Board Diversity / Network Diversity
Fred Wilson’s recent post on diversity was thought-provoking on several levels and got me thinking not just about board composition but more broadly about the question of networks and how relying too heavily on existing networks can limit the diversity of those networks. There are many things that we (meaning the tech and venture industries, but I’m also shining this light on myself here) need to do to better promote and support equity and diversity in our work. To some extent at the core of this challenge is that many of us have limited diversity in our own personal and professional networks (see this interesting take from Rick Klau of Google on this topic). Fred’s post helped clarify one of the real challenges of limited networks because in large part the search for outside board members is an exercise about the network of one’s current board members’ networks. Companies typically look for new board directors on their own (meaning they typically don’t engage a search firm) and the result is that most new board member are either directly connected to their existing board or management team or one degree away. That’s incredibly limiting, even for a group (tech entrepreneurs and investors) that considers itself very networked.
One of the things that’s really hit home with me over the past weeks as I’ve reflected on why I have done such a poor job promoting diversity across my work (and venture more broadly has) is that I/we need to do a better job of proactively building networks that include more diversity. I recognize that this is hard – it’s something that I’ve been consciously trying to do for years and I know from first hand experience that it takes both time and effort. On the board level, supporting organizations such as The Board List, himforher, and The Valiance Funding Network are good ways to jump-start the process. But conscious and deliberate effort is required to both recognize that many of us have limited networks when it comes to diversity and that we can do more to expand those networks. There’s a change in mindset that needs to accompany this and I’d encourage us to embrace it rather than ignore our network shortcomings or rationalize them away (there are tons of interesting people from all sorts of backgrounds out there – it actually doesn’t take that much work to find them and start connecting).

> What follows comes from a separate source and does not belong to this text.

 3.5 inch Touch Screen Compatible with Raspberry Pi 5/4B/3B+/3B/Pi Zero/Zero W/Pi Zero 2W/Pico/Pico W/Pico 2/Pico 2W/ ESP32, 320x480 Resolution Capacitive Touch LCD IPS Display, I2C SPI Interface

Fred also talks about the challenge of opening up new seats in the board room. The basic issue is absolutely correct – board rooms are too static. In economics, there’s a term known as business dynamism. Ian Hathaway and Robert E. Litan, in a report for the Brookings Institution describe business dynamism as “the process by which firms continually are born, fail, expand, and contract, as some jobs are created, others are destroyed, and others still are turned over.” Importantly they go on to note that “[r]esearch has firmly established that this dynamic process is vital to productivity and sustained economic growth.” Almost like a living organism, economies stay healthy by constantly building and changing. It’s a balancing act between growth and consolidating market power and new businesses and new ideas nipping at the heels of incumbents. The US has historically had relatively high dynamism and it is one of the factors that has been credited for America’s relative advantage in net job creation and the overall health of our economy.

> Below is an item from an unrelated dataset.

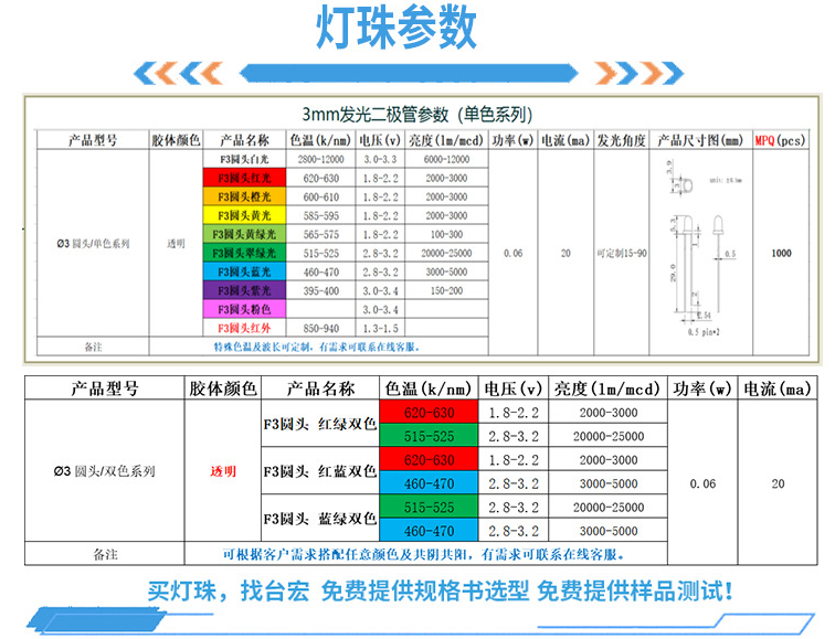 插件灯f3led灯珠3mm透明黄翠绿双色,led指示灯共阴共阳直插发光二极管定制

Contrast this with the behavior of corporate boards which tend to be extremely and stubbornly static. They start with the founder and initial investors and typically when new investors come in, more investors are added to the board (rarely replacing an existing investor, more typically just adding to the number of people around the board table – for whatever reason, people are loathe to get off of boards once they’re on). We know from research that having more than three venture investors on your board is correlated with lower outcomes. Fred’s point in his post about creating board turnover is both helpful in terms of thinking about opening up spots for other diverse candidates but also in terms of enhancing the overall health of an organization by bringing in new ideas and new thinking. Bringing dynamism to the board level would be beneficial on both counts.
I took a look at this across my own boards (I’m on 14 company boards at the moment – subject for a different post about the optimal number of board seats…). My average tenure is over 5 years. I have several boards where I’ve been on the board for more than 10 years. Most of the board’s I’m on change their composition rarely outside of adding a new investor (I wasn’t able to quantify exactly but board’s I’m on add or remove a board member on average about every 4 years). It’s clearly a problem and one with both an easy solution (introduce more prescribed board turn-over) that’s at the same time very hard (a CEO I work with suggested this idea and when I volunteered to be the first person off the board was told that no, that wasn’t what they were thinking).
Still, I’d push us as an industry to think about how these two dynamics intersect. We know from studies that diversity at the management and board levels leads to better business outcomes. We know in other contexts, dynamism is helpful to systems. Perhaps we can and should bring those two ideas together.